Collecting scikit-learn
  Downloading scikit_learn-1.5.0-cp310-cp310-win_amd64.whl (11.0 MB)
     ---------------------------------------- 11.0/11.0 MB 1.2 MB/s eta 0:00:00
Collecting joblib>=1.2.0
  Downloading joblib-1.4.2-py3-none-any.whl (301 kB)
     -------------------------------------- 301.8/301.8 kB 1.2 MB/s eta 0:00:00
Collecting threadpoolctl>=3.1.0
  Downloading threadpoolctl-3.5.0-py3-none-any.whl (18 kB)
Collecting scipy>=1.6.0
  Downloading scipy-1.13.0-cp310-cp310-win_amd64.whl (46.2 MB)
     ---------------------------------------- 46.2/46.2 MB 1.2 MB/s eta 0:00:00
Installing collected packages: threadpoolctl, scipy, joblib, scikit-learn
Successfully installed joblib-1.4.2 scikit-learn-1.5.0 scipy-1.13.0 threadpoolctl-3.5.0
Note: you may need to restart the kernel to use updated packages.
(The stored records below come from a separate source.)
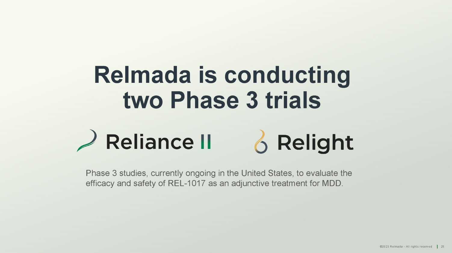 ©2023 Relmada - All rights reserved 25 Relmada is conducting two Phase 3 trials Phase 3 studies, currently ongoing in the United States, to evaluate the efficacy and safety of REL - 1017 as an adjunctive treatment for MDD.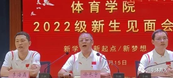 体育学院院长徐长宇讲道,大学是人生之中的伟大转折点,进入大学意味着要有责任和担当,新的征程,新的挑战,在时代变革中要胸怀家国、志存高远、脚踏实地、练就本领,在时代洪流中奋勇搏击!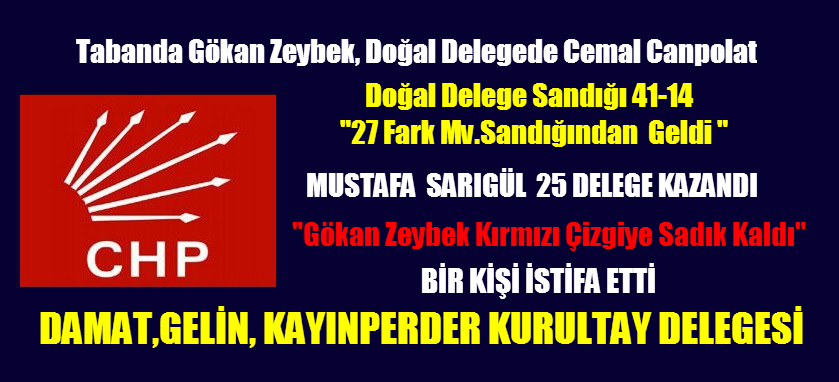 Doğal delegelerin oy kullandığı bir sandık vardı. Burada milletvekilleri, PM ve MYK üyeleri oy kullanıyor. Oylar 41-14 Gökan Zeybek aleyhine çıktı. Demek ki, Canpolat 27 oy farkını bu sandıkla yaptı.

[notice] A new release of pip available: 22.2.2 -> 24.0
[notice] To update, run: python.exe -m pip install --upgrade pip


In [9]:
import os
import cv2
import json
import numpy as np
import pandas as pd
from urllib.parse import urlparse
import tensorflow as tf
from tensorflow.keras.models import Sequential
from tensorflow.keras.layers import Dense, Dropout, Flatten
from tensorflow.keras.layers import Conv2D, MaxPooling2D
from tensorflow.keras.preprocessing.image import ImageDataGenerator
from sklearn.model_selection import train_test_split

In [10]:
# Load and preprocess the dataset

def parse_url(url):
    parsed_url = urlparse(url)
    domain = parsed_url.netloc
    return f"{domain}.jpg"

def load_data():
    # Implement loading and preprocessing your dataset 
   
    f = open('lighthouse_report.json')
    data = json.load(f)['lighthouseReports']
    f.close

    ratings = pd.DataFrame(data)
    
    ratings['filepath'] = ratings['url'].apply(parse_url)
    ratings.drop('id', axis=1, inplace=True)
        
    images = []
    for i in range(0,len(ratings)):
        filepath = ratings['filepath'][i]
        images.append(cv2.imread('images/{0}'.format(filepath),0))
    
    return np.array(images), np.array(ratings['seo'])

In [28]:
images, ratings = load_data()
images = images / 255.0  # normalize images

print(images.shape)

X_train, X_test, y_train, y_test = train_test_split(images, ratings, test_size=0.2, random_state=42)

print(y_train)


(43, 224, 224)
[ 85.  83.  85.  92.  92.  92.  92. 100. 100. 100.  92.  83.  75.  83.
  83.  92.  92. 100.  73.  77. 100.  85.  92.  73.  83. 100. 100.  92.
  83.  83.  92.  58.  85.  77.]


In [29]:

# Define the model
model = Sequential([
    Conv2D(32, kernel_size=(3, 3), activation='relu', input_shape=(224, 224, 1)),
    MaxPooling2D(pool_size=(2, 2)),
    Dropout(0.25),
    Conv2D(64, (3, 3), activation='relu'),
    MaxPooling2D(pool_size=(2, 2)),
    Dropout(0.25),
    Flatten(),
    Dense(128, activation='relu'),
    Dropout(0.5),
    Dense(1, activation='linear')  # Output layer for regression
])

model.compile(optimizer='adam', loss='mean_squared_error', metrics=['mae'])
model.summary()

# Train the model
history = model.fit(X_train, y_train, epochs=200, validation_split=0.2, batch_size=32)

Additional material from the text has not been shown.